**WORK REQUIRED**
For each record that follows, give it back exactly, with no pictures included.

**GIVEN DATA**
================

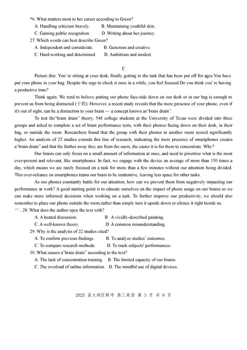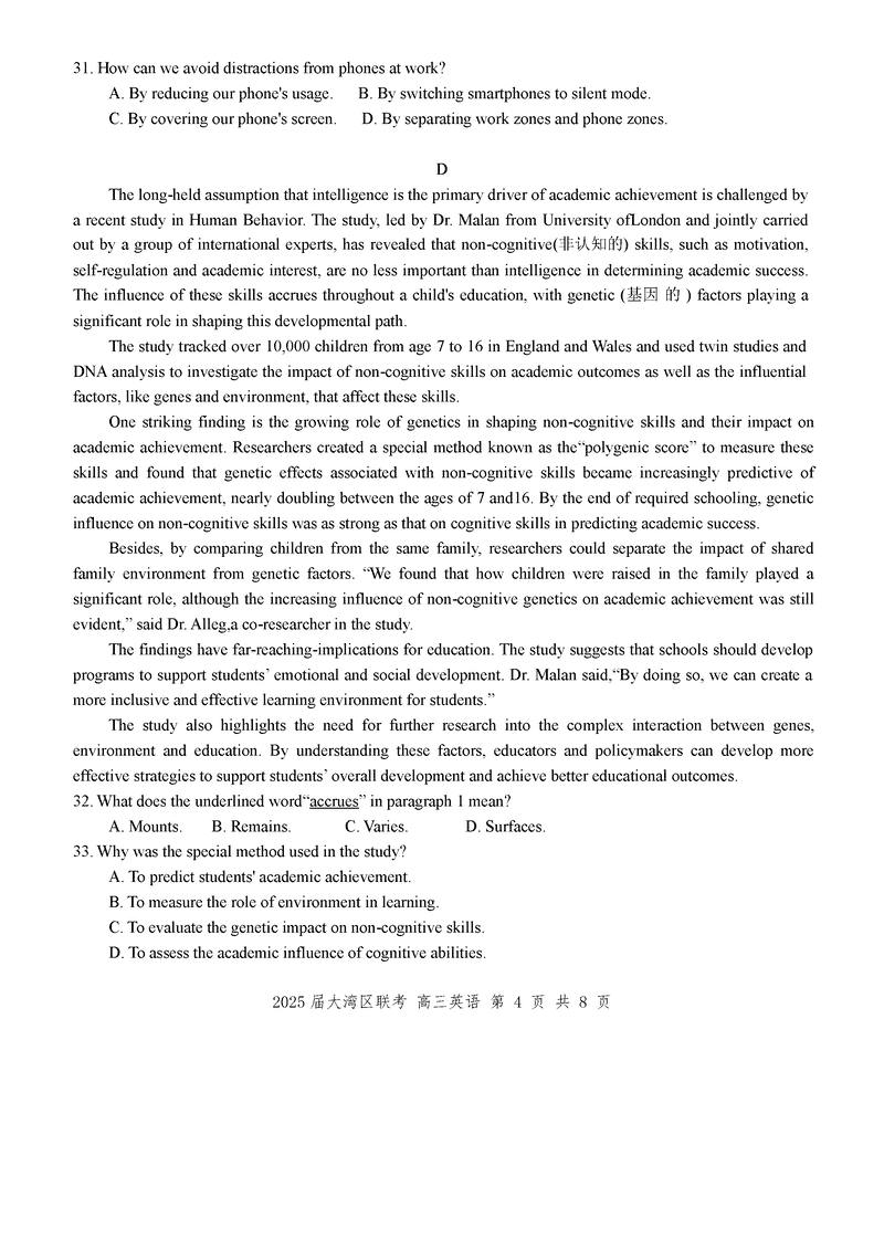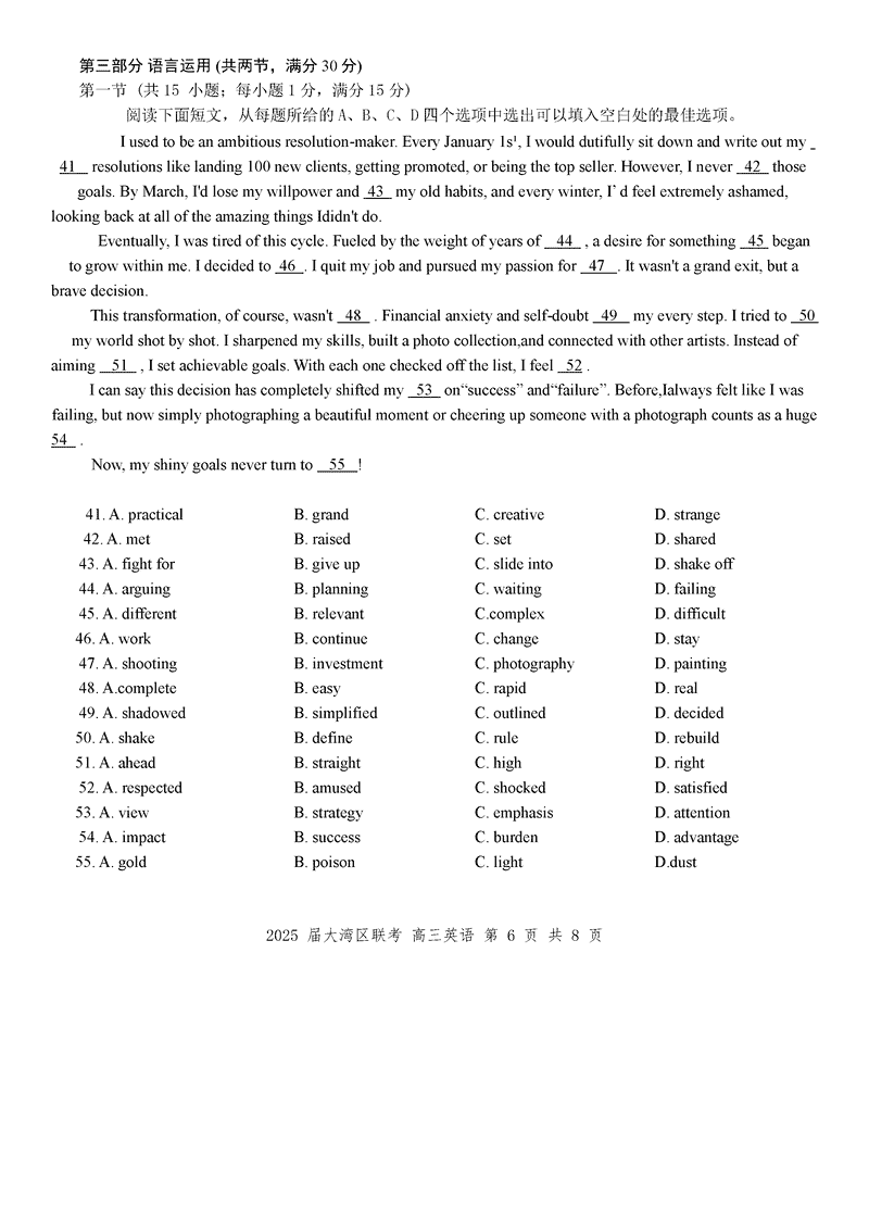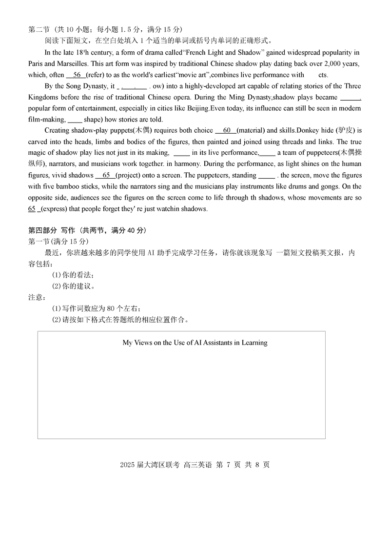 广东大湾区二模2025届高三联合模考(二)英语试题及答案
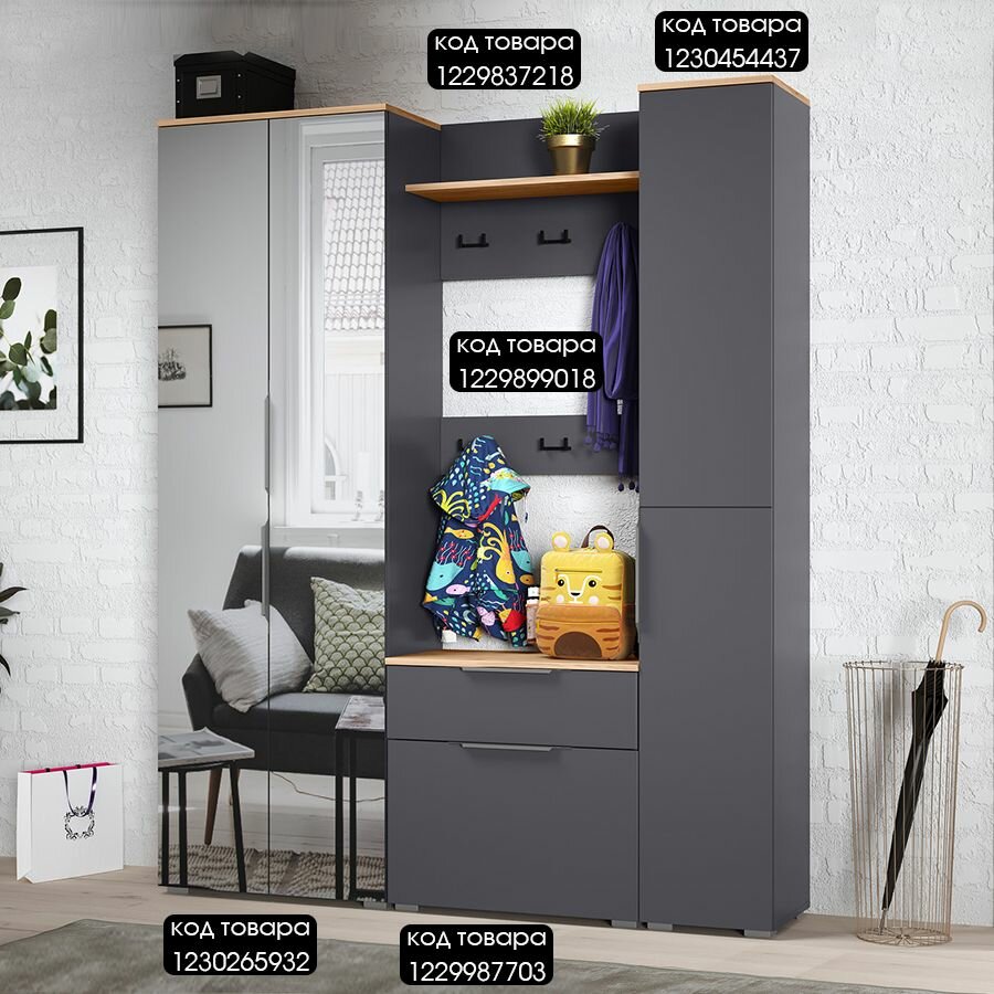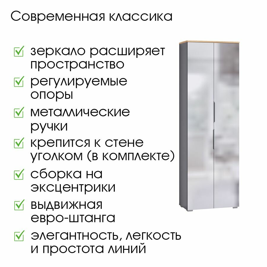 | Особенности | модульный, с зеркалом, штанга для вешалок |
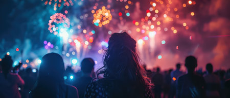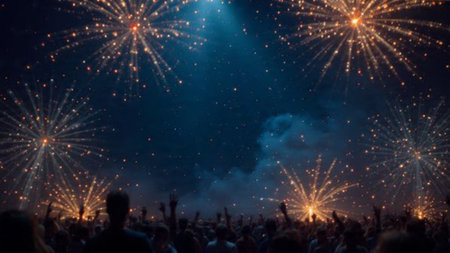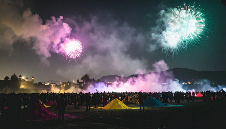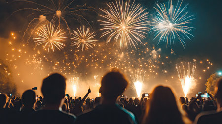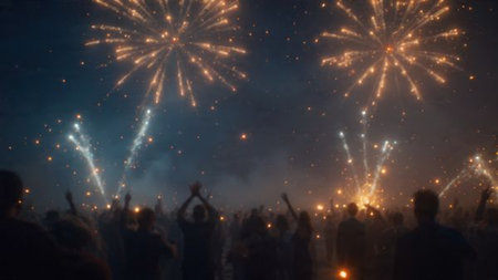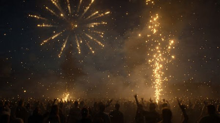 A captivating firework display illuminating the night sky during a cultural celebration, with spectators gathered to witness the spectacle, symbolizing joy and communal spirit.
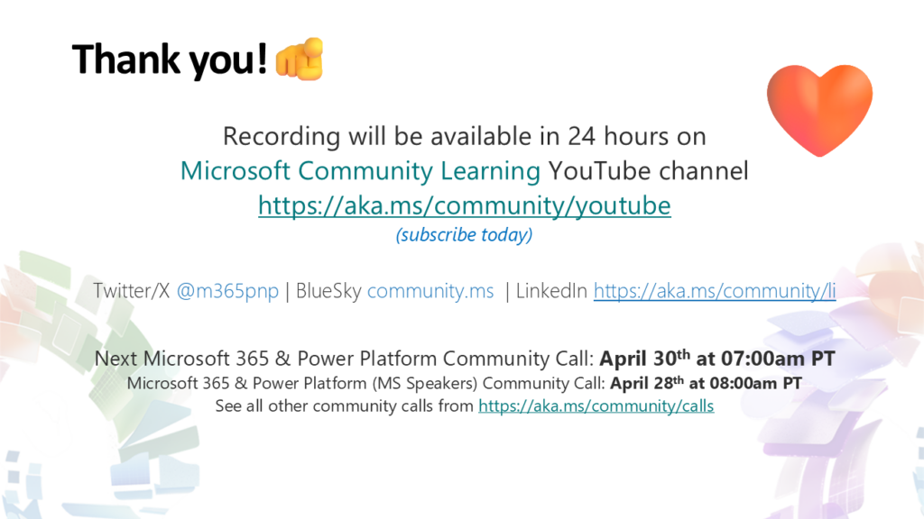- Community Call YouTube Recording from Microsoft will be available when uploaded by Microsoft
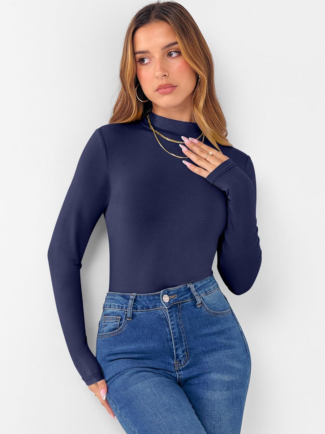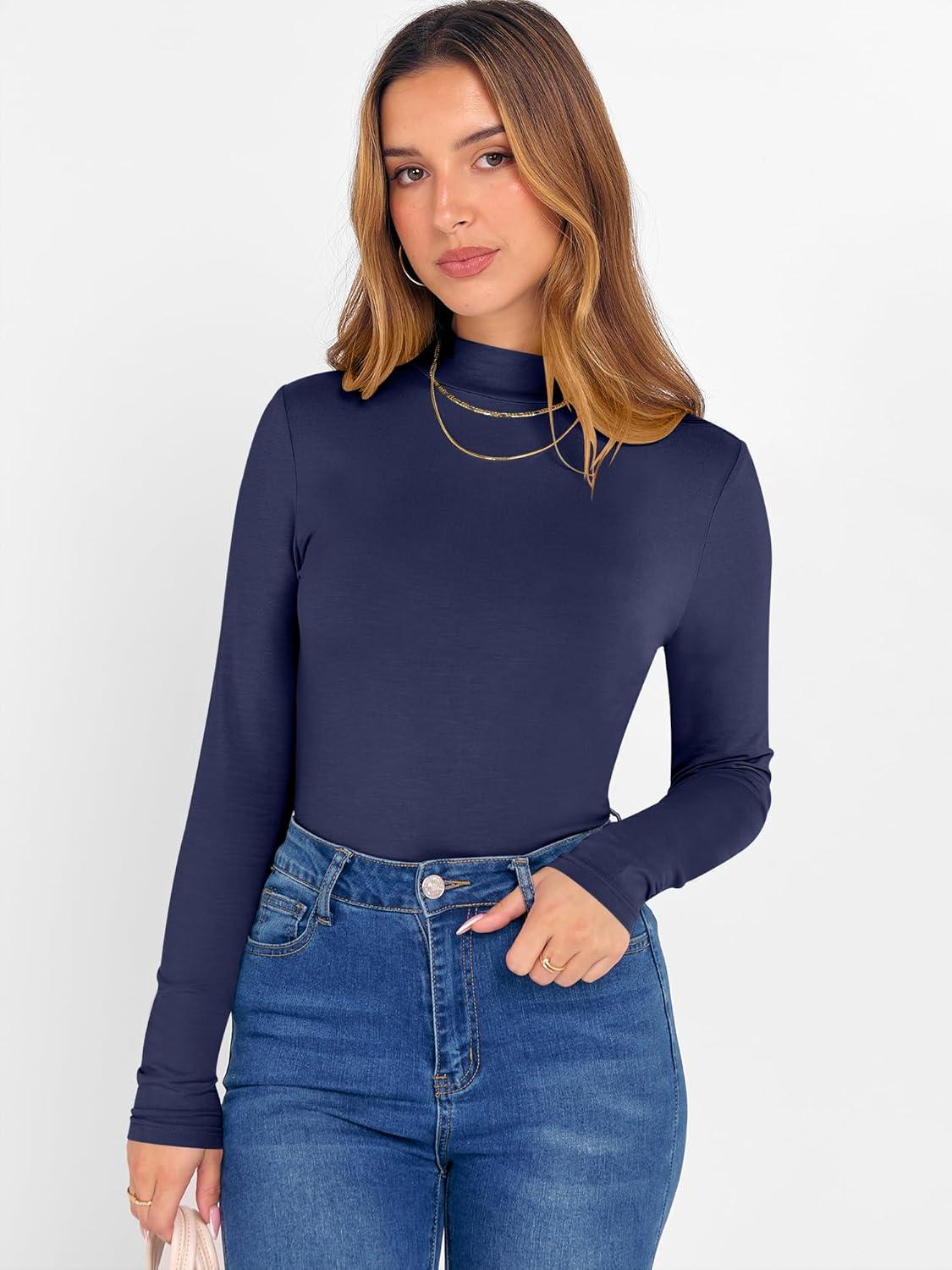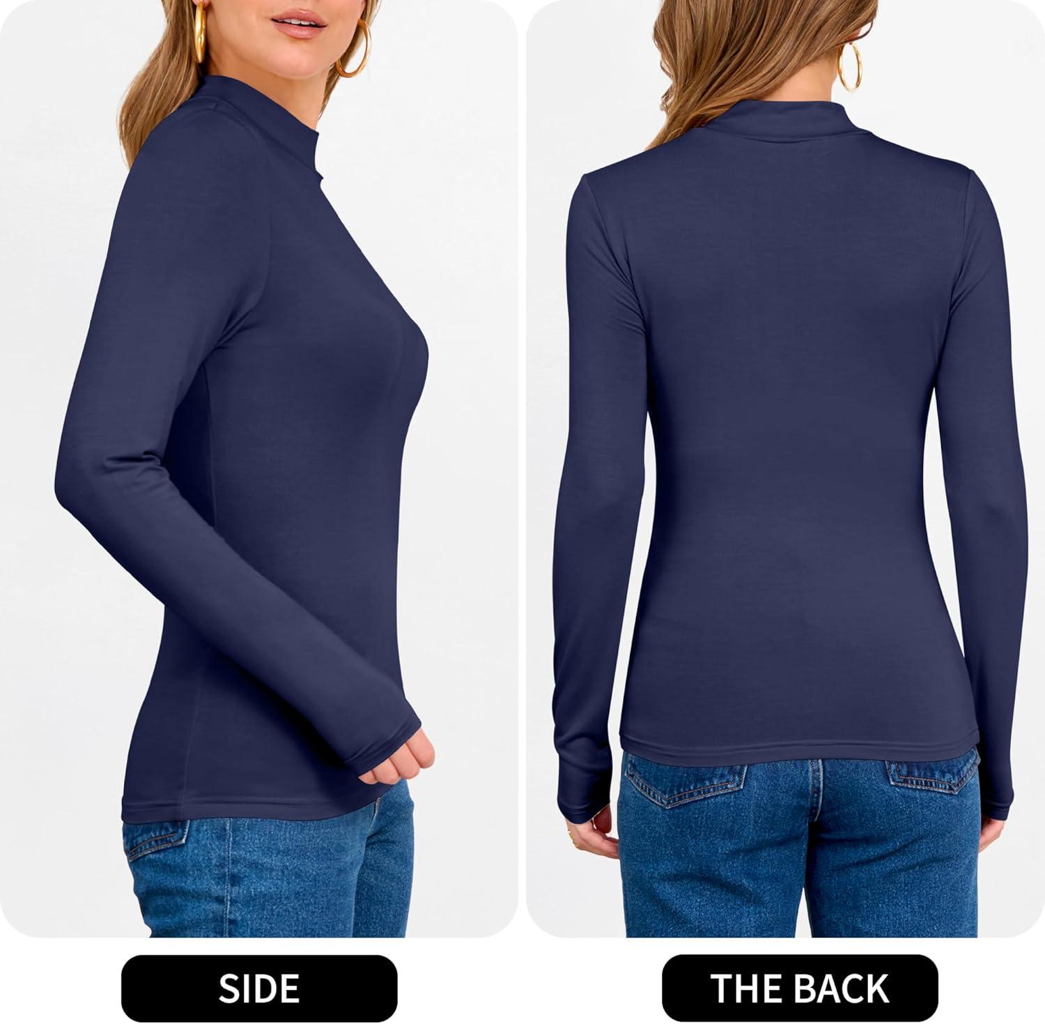 ANRABESS Womens Long Sleeve Mock Neck Tops Slim Fitted Basic Layer Office Work Shirts 2025 Fall Outfits Y2K Clothes(Navy Blue)

================

**REPLY TO THE EXERCISE**
 广东大湾区二模2025届高三联合模考(二)英语试题及答案
 | Особенности | модульный, с зеркалом, штанга для вешалок |
 A captivating firework display illuminating the night sky during a cultural celebration, with spectators gathered to witness the spectacle, symbolizing joy and communal spirit.
- Community Call YouTube Recording from Microsoft will be available when uploaded by Microsoft
 ANRABESS Womens Long Sleeve Mock Neck Tops Slim Fitted Basic Layer Office Work Shirts 2025 Fall Outfits Y2K Clothes(Navy Blue)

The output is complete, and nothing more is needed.